CLAUDE_CODE_OAUTH_TOKEN and ANTHROPIC_API_KEY in .env.production hold the same value — a long-lived OAuth token from claude setup-token. There is no separate billable pay-as-you-go fallback (sk-ant-api03-*) loaded in prod. So:

  • If the long-lived OAT is intact, all autopilot LLM calls run at $0 via Max sub. The llm_auth_refresh_token_revoked events in logs are the auto-refresh probe failing harmlessly — the long-lived token doesn’t need refreshing, and the auto-refresh task expects an 8h-lifetime token (from claude auth login) that we don’t use.
  • If the long-lived OAT is revoked (typically because someone ran claude setup-token elsewhere, or the Max account was signed in on another machine), autopilot LLM calls will start failing with 401s. This is the “actually broken” state this runbook recovers.

To check which state you’re in, run the “Confirm the symptom” check below alongside a recent autopilot run. Failed runs + 401s = the OAT is genuinely dead. Just auto-refresh noise + autopilot runs completing at $0 = harmless; no rotation needed.

What this runbook is for

The Claude Code refresh token (or the long-lived OAT itself) has been revoked, so the VPS-side calls to Anthropic start failing with 401. Only a human session signed into the Curate-Me Claude Max account can mint a replacement.

The main OAuth runbook covers the full architecture.
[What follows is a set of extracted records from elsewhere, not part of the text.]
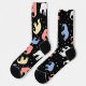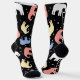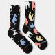 Red, yellow, blue and white pastel-coloured elephants on a pair of black socks. A clear sign that you're ready for a little change in your daily routine. To see some great grey. Even if they're not as colourful in real life, the majestic elephants are always a great sight. Hit the zoo. Or, if your budget allows, take a trip to see them in a different environment. Until then, show your favourite animal on your socks.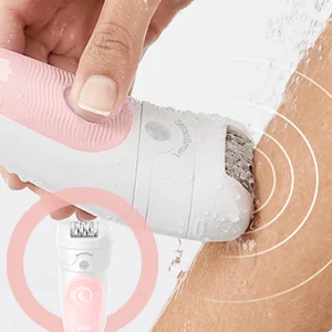 Introducing the Beauty Set 5, the starter 4-in-1 hair removal set for face & body. Epilate, shave, trim, cleanse. Epilator removes 4x shorter hair than wax for up to 4 weeks of smooth skin. SensoSmart technology ensures optimal pressure for best results. Includes shaver & trimmer attachment for hair removal in sensitive areas. The extra sensitive facial brush gently cleanses your skin. Cordless use up to 50 mins. 100% wet & dry for use in bath or shower to reduce discomfort. Epilation is virtually painless with regular use.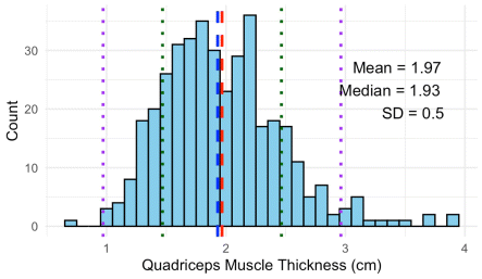 Of 391 participants, 389 were included in the final analysis due to missing age data. Age, sex, and quadriceps muscle thickness were extracted from the original datasets and merged into a single dataset. The normality of the age distribution was assessed using the Shapiro-Wilk test and visual inspection of histograms. Age was categorized into five-year groups (65–69, 70–74, 75–79, 80–85, and over 85 years). Means and standard deviations (SD) of quadriceps thickness were calculated by sex and age group, and the group differences were tested using Student’s t-test. The overall distribution of quadriceps thickness was visualized, with mean, median, and SD reported. Statistical analyses were conducted using R software (Version 2025.05.1–513; R Foundation for Statistical Computing, Vienna, Austria).(6)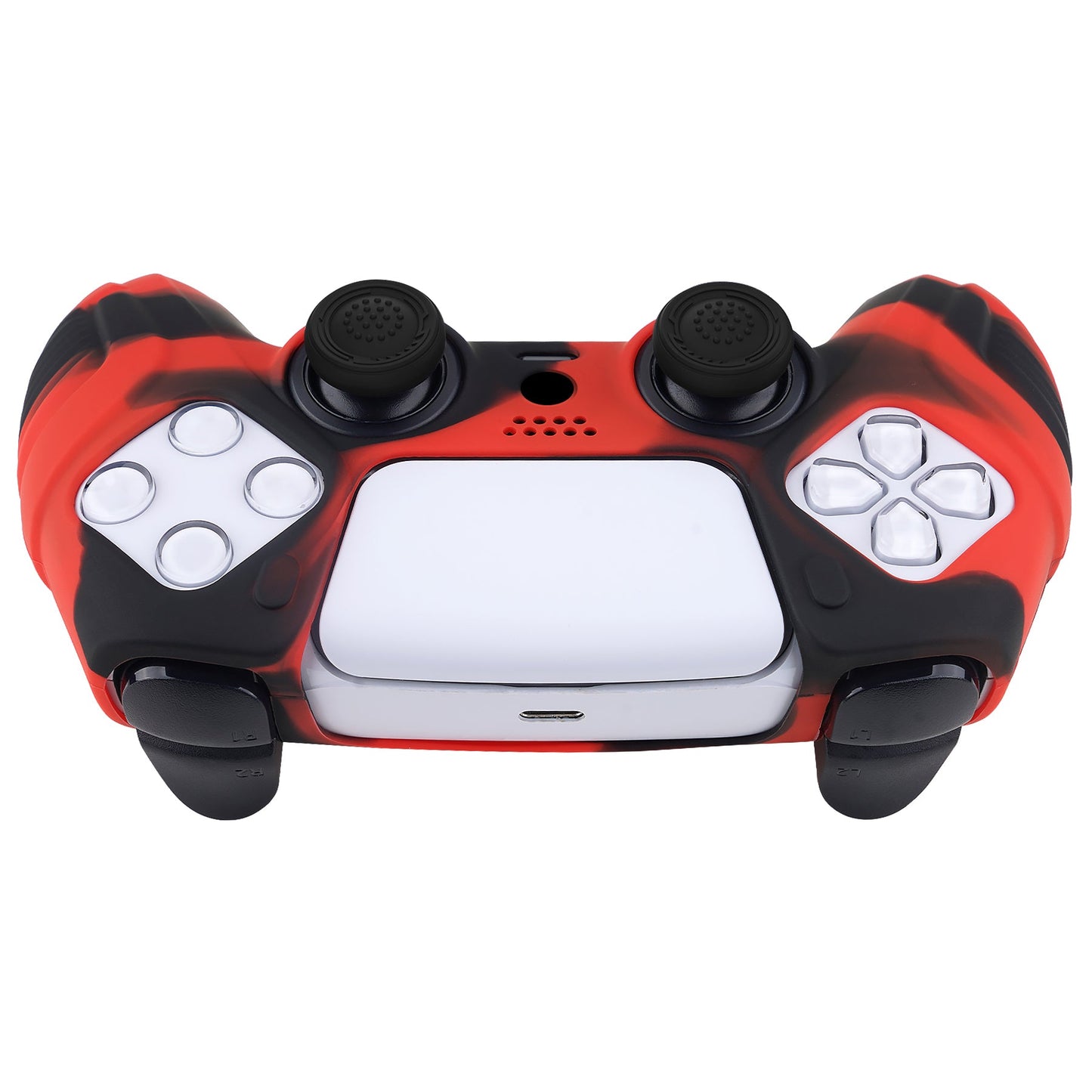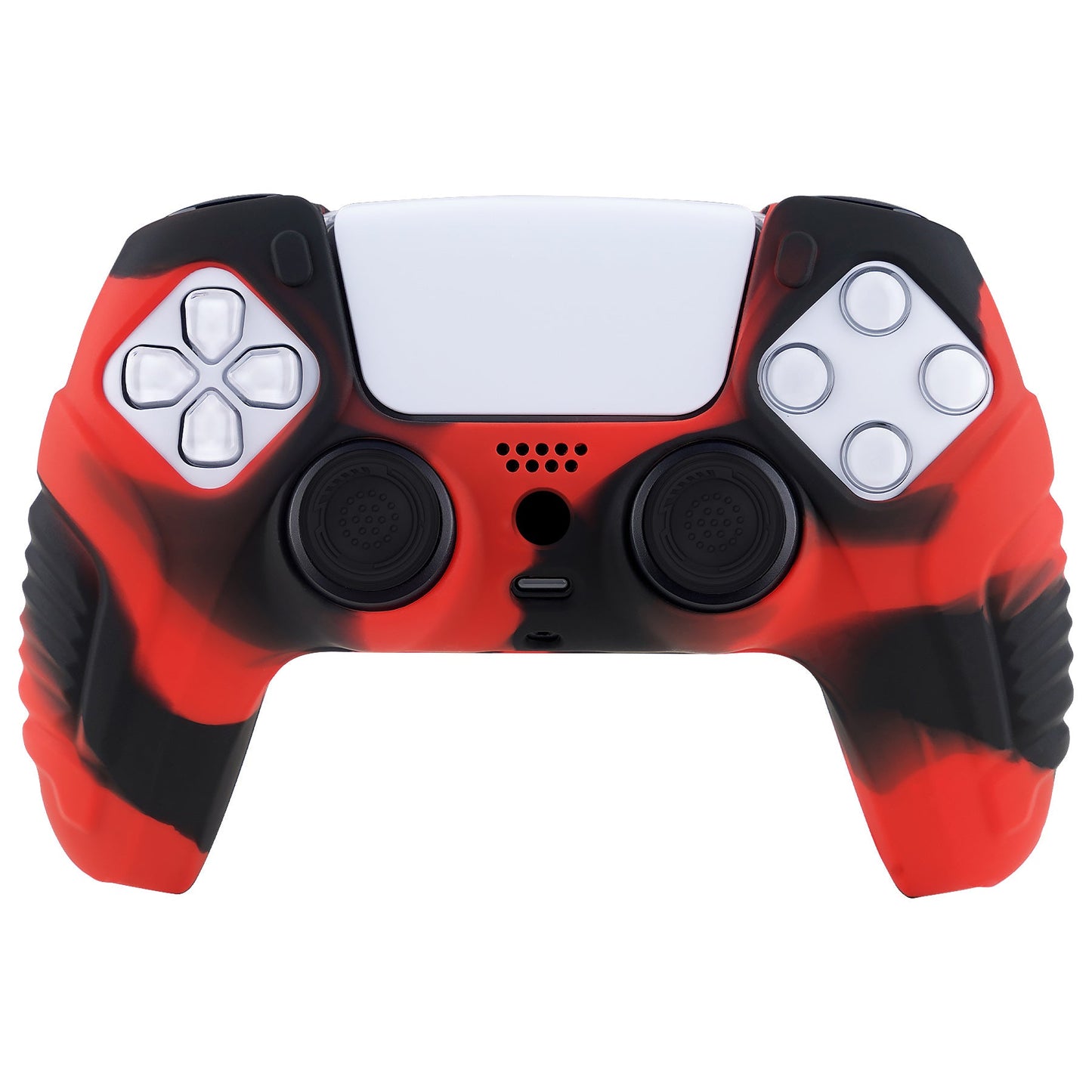 PlayVital Raging Warrior Edition 滑り止めシリコンカバースキン サムスティックキャップ付き PS5 ワイヤレスコントローラー用【レッド&ブラック】

This one is “do these four commands now.”


Trigger

Run this runbook when autopilot LLM calls are actually failing — not just when refresh-probe noise appears in logs. Specifically:

  • Autopilot template runs are failing with HTTP 401 at the Anthropic API. Check gateway_request_failed / anthropic_401_unauthorized events, or look for failed autopilot tasks with error: "401" in autopilot_results.
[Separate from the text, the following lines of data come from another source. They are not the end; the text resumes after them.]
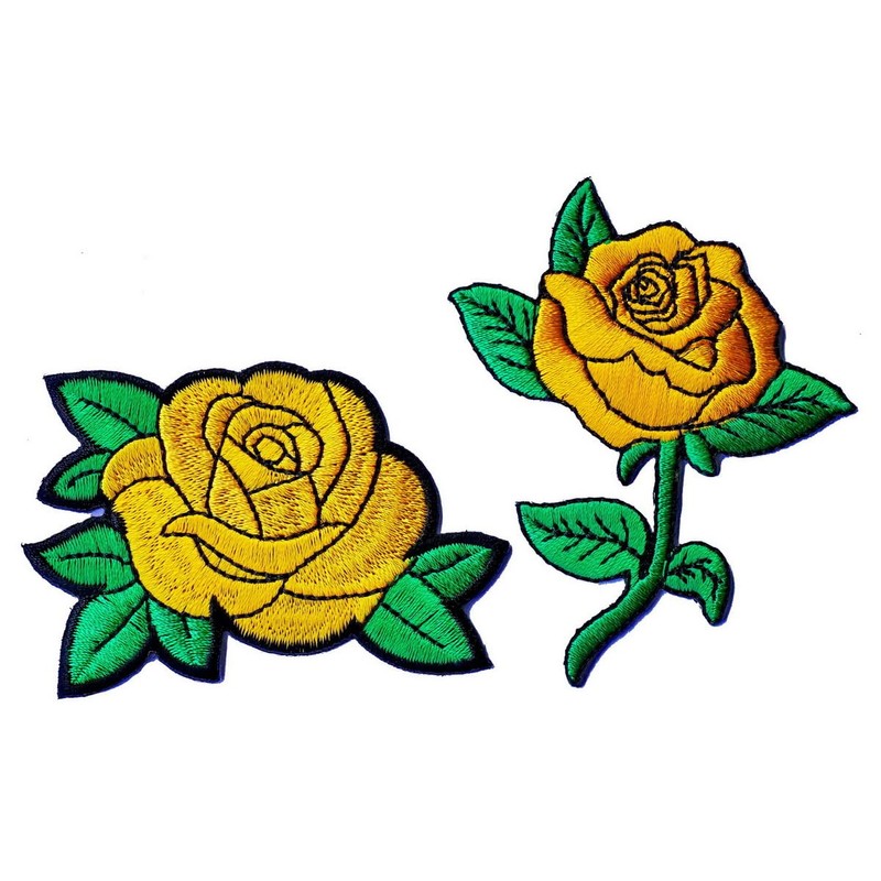 - DESIGN: Set of 2 beautifully embroidered yellow rose patches featuring vibrant golden petals and emerald green leaves
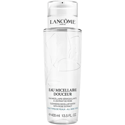 Lancome Eau Micellaire Douceur is a transparent water solution that gently liberates the skin from impurities. The micellaire technology allows perfect make-up removal with optimal tolerance in a burst of freshness. Its gentle formula can be used to remove eye and lip makeup. Eau Micellaire Douceur contains ingredients of naturally derived origin such as White Lotus, Rose de France and Japanese Cedar bud. The formula hydrates the skin for a comfortable and non-drying cleansing experience. Suitable for all skin types.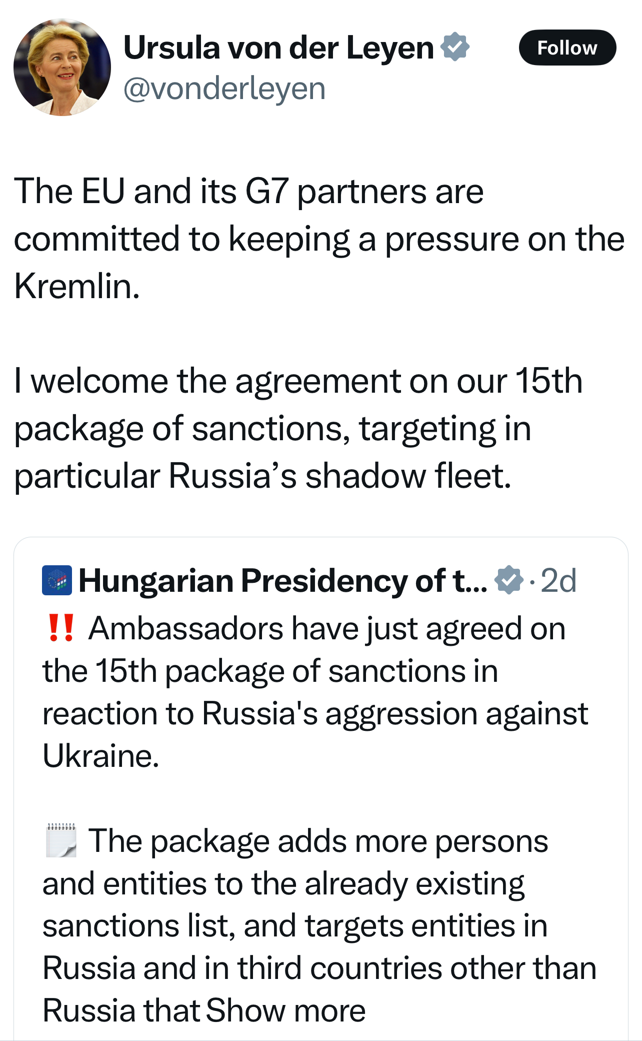 Η πρόεδρος της Επιτροπής Ούρσουλα φον ντερ Λάιεν χαιρέτισε τη συμφωνία των χωρών της ΕΕ για το 15ο πακέτο κυρώσεων κατά της Ρωσίας, λέγοντας ότι η ΕΕ και οι εταίροι της στη G7 δεσμεύονται να διατηρήσουν την πίεση προς το Κρεμλίνο.

  • Autopilot template runs that previously cost $0 (max_subscription_cli mode) now show non-zero cost in the cost recorder — that means a billable ANTHROPIC_FALLBACK_KEY has been configured and is now serving calls. Confirmed via gateway_using_fallback_key log lines or the Cost dashboard showing autopilot-tagged spend.

  • The reauth_required Teams alert from the rotation system fires. (See the main OAuth runbook for the full alert decoder.)
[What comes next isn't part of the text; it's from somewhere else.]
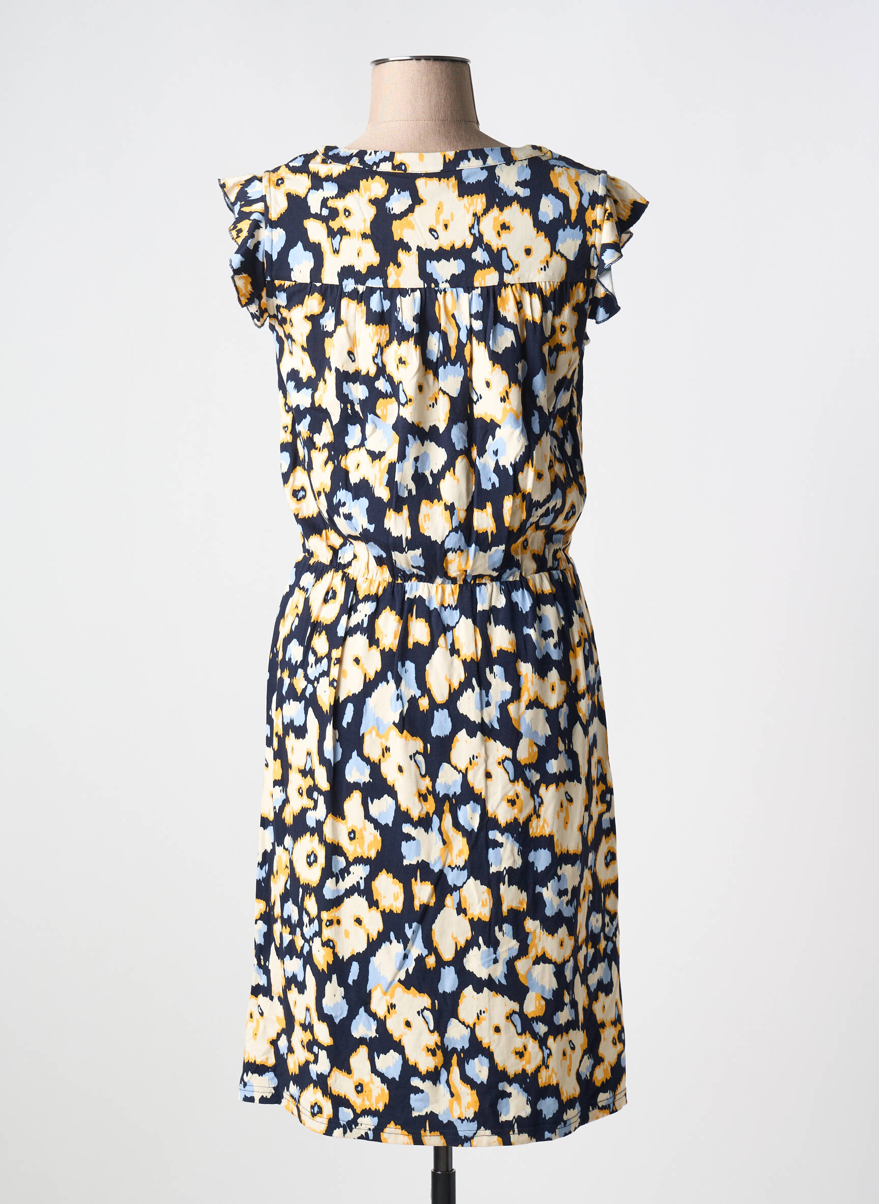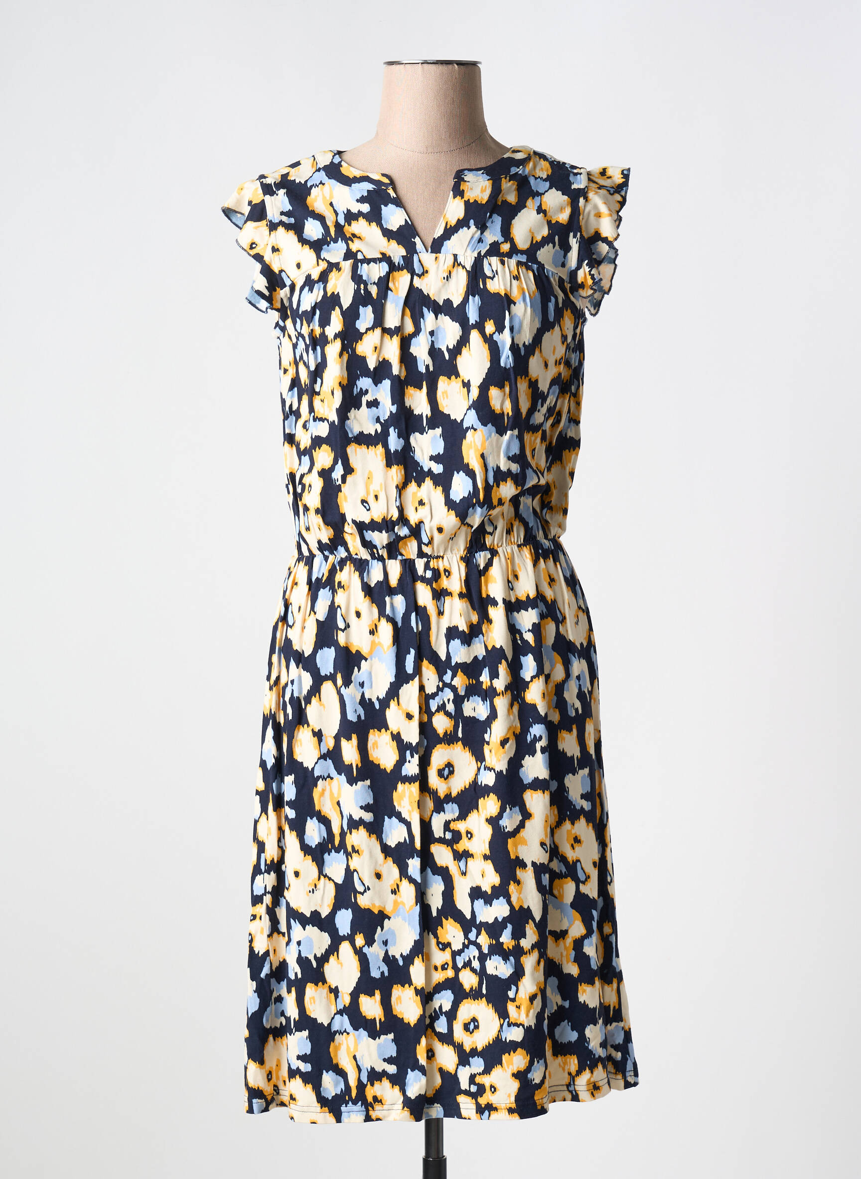 Craquez pour cette robe mi-longue de la marque FRANSA, une pièce idéale pour donner du pep's à votre garde-robe sans vous ruiner. Son imprimé fleuri dans des tons jaune, blanc et bleu apporte une touche fraîche et moderne, tandis que sa coupe fluide et féminine mettra en valeur votre silhouette en toute simplicité. Les petits volants délicats sur les épaules ajoutent une note de charme, parfaite pour allier confort et style à prix mini. Profitez d'un bon plan mode avec ce modèle tendance, accessible à toutes celles qui aiment se faire plaisir à petit prix.

  • A claude setup-token was just run somewhere else (invalidating the OAT in prod) — proactive rotation is required to restore service.

What is NOT a trigger

ssh curateme@178.105.8.25 'docker logs --since 1h curateme-backend-b2b 2>&1 | grep -c llm_auth_refresh_token_revoked'

A non-zero count of llm_auth_refresh_token_revoked events on its own is not a trigger. The auto-refresh task expects an 8h-lifetime OAuth token from claude auth login; we use the long-lived setup-token instead, so the probe fails every cycle but the actual token works fine. Count this as expected log noise unless paired with the symptoms above.

To confirm calls are actually working despite the noise:

# Should return HTTP 200: curl -sS -o /dev/null -w "%{http_code}\n" -X POST https://api.curate-me.ai/v1/messages \ -H "Authorization: Bearer $(ssh curateme@178.105.8.25 'grep ^CM_FLEET_GATEWAY_KEY /home/curateme/platform/.env.production | cut -d= -f2')" \ -H "anthropic-version: 2023-06-01" -H "Content-Type: application/json" \ -d '{"model":"claude-haiku-4-5","max_tokens":5,"messages":[{"role":"user","content":"hi"}]}'

Why this isn’t automated

The refresh-token-revoked state can only be recovered by an interactive claude browser handshake on a machine signed into the Claude Max account. There is no API to obtain a new refresh token from a server. Everything downstream of obtaining the new auth.json is automated by scripts/rotate-claude-code-oat.sh.


Prerequisites

Before starting, confirm:

  • You are at a laptop currently signed into the Curate-Me Claude Max account (typically Boris’s MacBook).
  • claude CLI is installed and claude exits without prompting login.
  • ssh curateme@178.105.8.25 works without a password (key-based auth is already configured per the platform conventions).
  • You are NOT inside a Claude Code session — the claude setup-token and reauth flows need a real terminal where they can open a browser tab.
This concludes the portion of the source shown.